Admittedly, Sean Keoni Craig was not a well man when he and a group of friends set out for Los Angeles in September to celebrate his 52nd birthday at the happiest place on Earth.
Three years earlier the Kailua resident was diagnosed with idiopathic pulmonary fibrosis, a progressive disease of unknown origin that leads to irreversible scarring of the lungs. There is no cure for the disease, and without a transplant patients typically have between two to five years to live following diagnosis.
Nonetheless, Craig had done surprisingly well. He was able to keep working as a flight attendant for Hawaiian Airlines, swapping mainland and international routes for interisland flights to avoid the highest travel altitudes. Friends even set up a GoFundMe account to purchase him a portable oxygen device, which he used during periods of higher-than-normal exertion. He continued to enjoy his life, and the trip to Disneyland was to be yet another expression of that.
But on the evening before they were to convene at the gates of the park, Craig’s oxygen levels dipped precipitously.
“My energy was gone and I could hardly walk,” he recalled.
Good friend Ryan Sanico rushed Craig to the emergency room at the University of California-Irvine Medical Center, where Craig’s condition continued to deteriorate. At one point Craig went into cardiac arrest, and twice flatlined.
“My family flew over to be with me and were told that there was nothing to do except make me comfortable,” Craig said. “But Ryan and my family said, ‘No way!’”
Craig’s pulmonologist in Hawaii worked with doctors at UCI in reaching out to experts at the University of California, Los Angeles, who in turn dispatched a medical team to perform emergency surgery right there in Craig’s hospital room at UCI.
Craig was hooked up to an extracorporeal membrane oxygenation machine that allowed for his blood to be oxygenated outside his body, bypassing his heart and lungs, and moved to UCLA, where it was also determined that he was in need of double-lung and kidney transplants.
As Craig regained his strength and worked to improve his overall health to be eligible for the transplants, his expansive network of friends and family did what they could to lend their support, including hosting a pair of fundraisers to help cover his mounting medical bills.
“I’ve always been a very positive person, and I’ve always surrounded myself with positive people,” Craig said. “At home I got prayers from family, friends, friends of friends — it was incredible.”
On Oct. 26 Craig got the call that a set of lungs and a kidney had become available.
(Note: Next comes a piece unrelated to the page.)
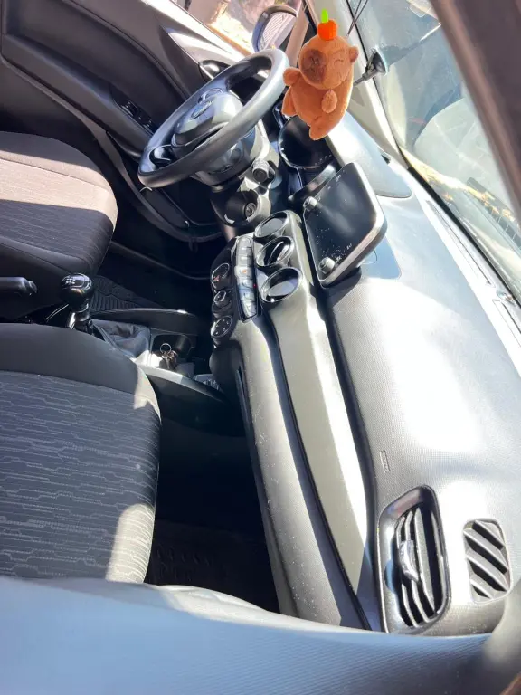 O carro é completo, incluindo ar condicionado, vidros e travas elétricas, sistema de som, conexão USB e bluetooth.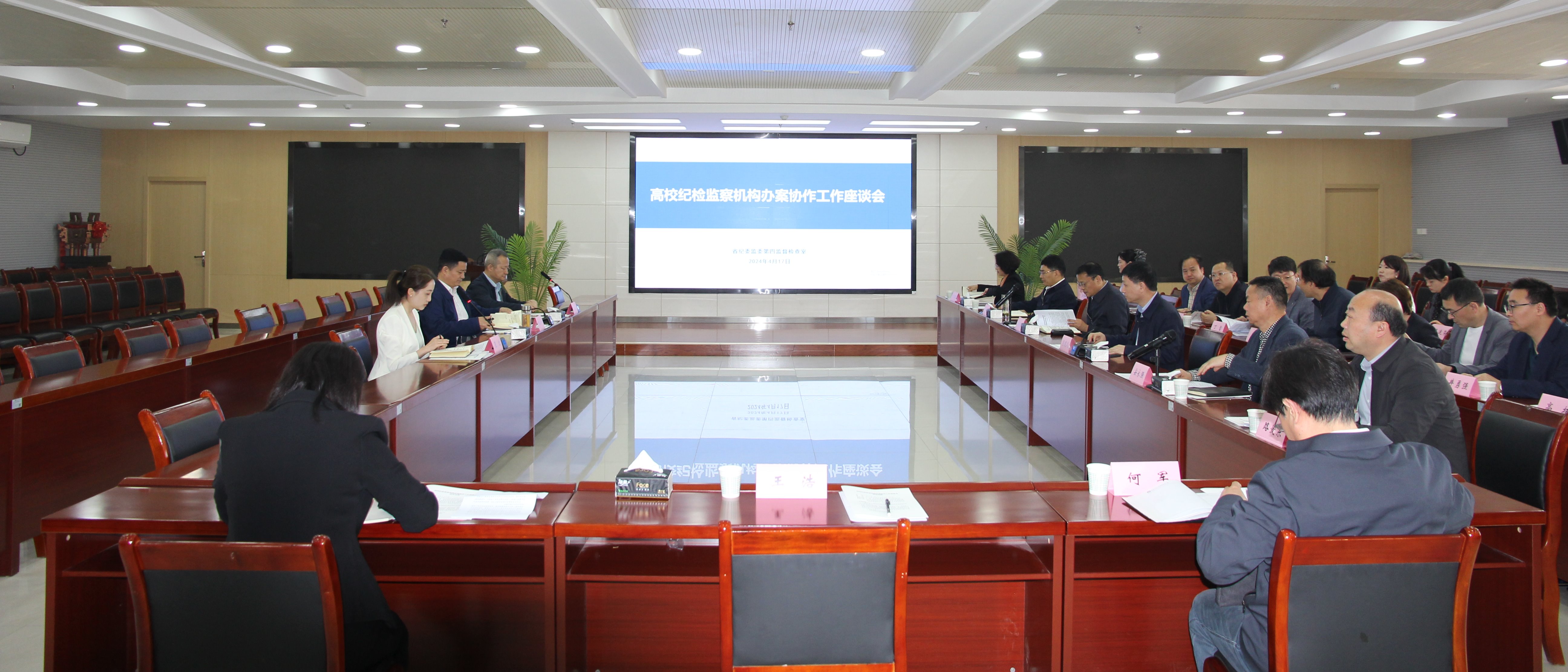 4月17日,陕西省高校纪检监察机构第二办案协作区工作座谈会在AC米兰官网长安校区召开。省纪委监委委员张永祥、第四监督检查室副主任卢刚、二级调研员慕洁,AC米兰官网党委副书记、纪委书记、省纪委监委驻校纪检监察组组长肖道远,西安交通大学、西北政法大学、陕西理工大学、宝鸡文理学院、安康学院、商洛学院、陕西职业技术学院、陕西机电职业技术学院等高校纪检监察机构主要负责人参加座谈会。会议由卢刚主持。座谈会上,慕洁组织大家集体...

After a rapid round of tests, evaluations and screening, Craig was wheeled off to the operating room where he underwent six hours of surgery to replace his scarred lungs and, after a two-hour break, another six hours of kidney transplant surgery.
“The next day I was already coherent,” Craig recalled. “They had me up and walking.”
Craig was discharged less than two weeks later but remains in California as he recovers, staying at a North Hollywood home owned by his niece Lindsey McCallum, who commutes back and forth from Nevada to take care of him. Sanico, a fellow flight attendant, also stops in regularly to help out.
If all goes well, Craig will be able to return to Hawaii sometime next month. He hopes to return to work as soon as he is able. Until then his co-workers at Hawaiian already have donated enough of their own vacation days to cover him for up to a year of recovery.
“They say it takes a village,” he said. “My villagers have really come through for me.”
Craig said he thinks constantly about the person whose lungs and kidneys saved his life and about the family that person left behind. He is also deeply grateful to the medical professionals who cared for him. It’s in recognition of all these individuals that Craig has devoted himself to educating the public about his disease and uplifting and inspiring those who may be experiencing some of the same things he did.
“Every day that I can get up and take a deep breath, I know it’s a great day.”
And as for that missed birthday trip to Disneyland?
Craig and his friends are enjoying an extra-special belated celebration there today.